■ **TASK GOAL**:
Within the listing below, the lines to output run from the one containing "说起来也是有意思,LPL粉丝" through the one containing "NEXO Sintered Stone"; copy them exactly and nothing else.

■ **RECORDS SHOWN**:

▼▼▼

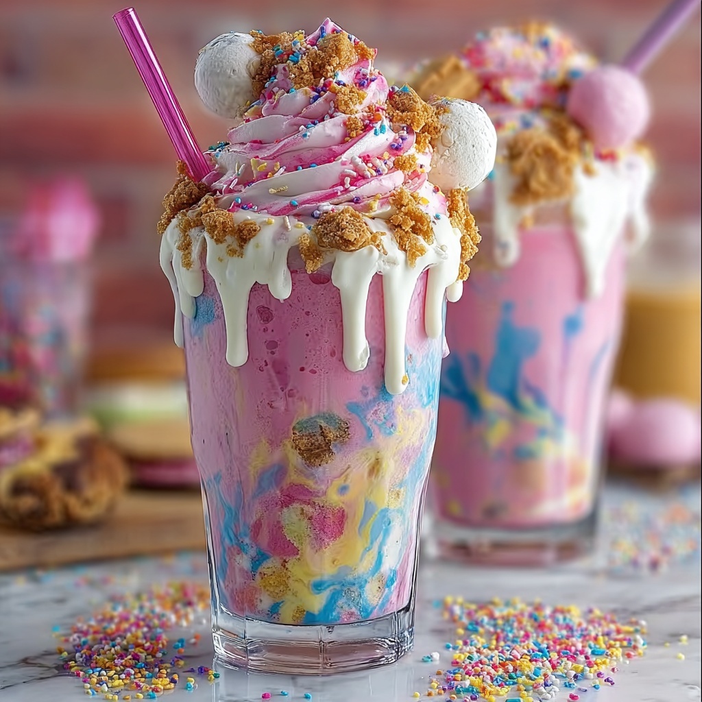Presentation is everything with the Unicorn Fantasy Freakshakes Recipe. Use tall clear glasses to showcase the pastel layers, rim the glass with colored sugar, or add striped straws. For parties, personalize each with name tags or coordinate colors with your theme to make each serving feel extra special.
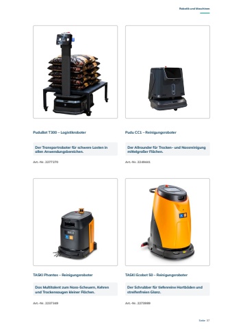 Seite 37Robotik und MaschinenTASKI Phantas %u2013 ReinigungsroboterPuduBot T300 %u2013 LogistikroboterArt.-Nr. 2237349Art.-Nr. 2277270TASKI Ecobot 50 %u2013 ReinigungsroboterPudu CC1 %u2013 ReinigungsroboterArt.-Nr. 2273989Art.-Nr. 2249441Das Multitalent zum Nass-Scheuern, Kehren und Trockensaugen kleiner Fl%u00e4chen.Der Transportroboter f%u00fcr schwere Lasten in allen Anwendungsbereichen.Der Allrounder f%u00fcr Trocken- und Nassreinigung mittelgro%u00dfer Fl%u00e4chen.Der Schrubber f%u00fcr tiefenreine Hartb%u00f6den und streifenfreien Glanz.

▲▲▲
▼▼▼

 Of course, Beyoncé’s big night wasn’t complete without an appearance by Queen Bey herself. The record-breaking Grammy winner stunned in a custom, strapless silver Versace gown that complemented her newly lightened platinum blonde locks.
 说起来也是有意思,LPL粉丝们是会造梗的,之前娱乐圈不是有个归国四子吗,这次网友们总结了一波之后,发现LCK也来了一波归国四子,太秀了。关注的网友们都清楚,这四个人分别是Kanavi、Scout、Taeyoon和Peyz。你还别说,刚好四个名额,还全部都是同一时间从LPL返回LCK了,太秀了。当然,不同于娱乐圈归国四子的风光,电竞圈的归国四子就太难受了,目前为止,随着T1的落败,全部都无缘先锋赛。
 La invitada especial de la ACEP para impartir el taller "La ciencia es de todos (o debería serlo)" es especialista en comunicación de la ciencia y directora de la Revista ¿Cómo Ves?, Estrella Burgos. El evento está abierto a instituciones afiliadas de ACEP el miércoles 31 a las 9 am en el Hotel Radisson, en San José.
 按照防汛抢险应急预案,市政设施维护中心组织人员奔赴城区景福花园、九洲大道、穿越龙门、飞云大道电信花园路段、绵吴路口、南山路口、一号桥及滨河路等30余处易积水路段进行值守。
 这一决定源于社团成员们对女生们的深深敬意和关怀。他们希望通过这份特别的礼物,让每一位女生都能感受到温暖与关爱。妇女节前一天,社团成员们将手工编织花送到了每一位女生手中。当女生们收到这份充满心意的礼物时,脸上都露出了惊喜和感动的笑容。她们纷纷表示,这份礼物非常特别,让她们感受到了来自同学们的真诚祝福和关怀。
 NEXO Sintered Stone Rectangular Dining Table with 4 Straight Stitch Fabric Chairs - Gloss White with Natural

▲▲▲
▼▼▼

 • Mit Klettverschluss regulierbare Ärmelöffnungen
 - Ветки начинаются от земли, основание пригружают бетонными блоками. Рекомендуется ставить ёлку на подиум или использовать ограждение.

▲▲▲

■ **EXERCISE RESULT**:
 说起来也是有意思,LPL粉丝们是会造梗的,之前娱乐圈不是有个归国四子吗,这次网友们总结了一波之后,发现LCK也来了一波归国四子,太秀了。关注的网友们都清楚,这四个人分别是Kanavi、Scout、Taeyoon和Peyz。你还别说,刚好四个名额,还全部都是同一时间从LPL返回LCK了,太秀了。当然,不同于娱乐圈归国四子的风光,电竞圈的归国四子就太难受了,目前为止,随着T1的落败,全部都无缘先锋赛。
 La invitada especial de la ACEP para impartir el taller "La ciencia es de todos (o debería serlo)" es especialista en comunicación de la ciencia y directora de la Revista ¿Cómo Ves?, Estrella Burgos. El evento está abierto a instituciones afiliadas de ACEP el miércoles 31 a las 9 am en el Hotel Radisson, en San José.
 按照防汛抢险应急预案,市政设施维护中心组织人员奔赴城区景福花园、九洲大道、穿越龙门、飞云大道电信花园路段、绵吴路口、南山路口、一号桥及滨河路等30余处易积水路段进行值守。
 这一决定源于社团成员们对女生们的深深敬意和关怀。他们希望通过这份特别的礼物,让每一位女生都能感受到温暖与关爱。妇女节前一天,社团成员们将手工编织花送到了每一位女生手中。当女生们收到这份充满心意的礼物时,脸上都露出了惊喜和感动的笑容。她们纷纷表示,这份礼物非常特别,让她们感受到了来自同学们的真诚祝福和关怀。
 NEXO Sintered Stone Rectangular Dining Table with 4 Straight Stitch Fabric Chairs - Gloss White with Natural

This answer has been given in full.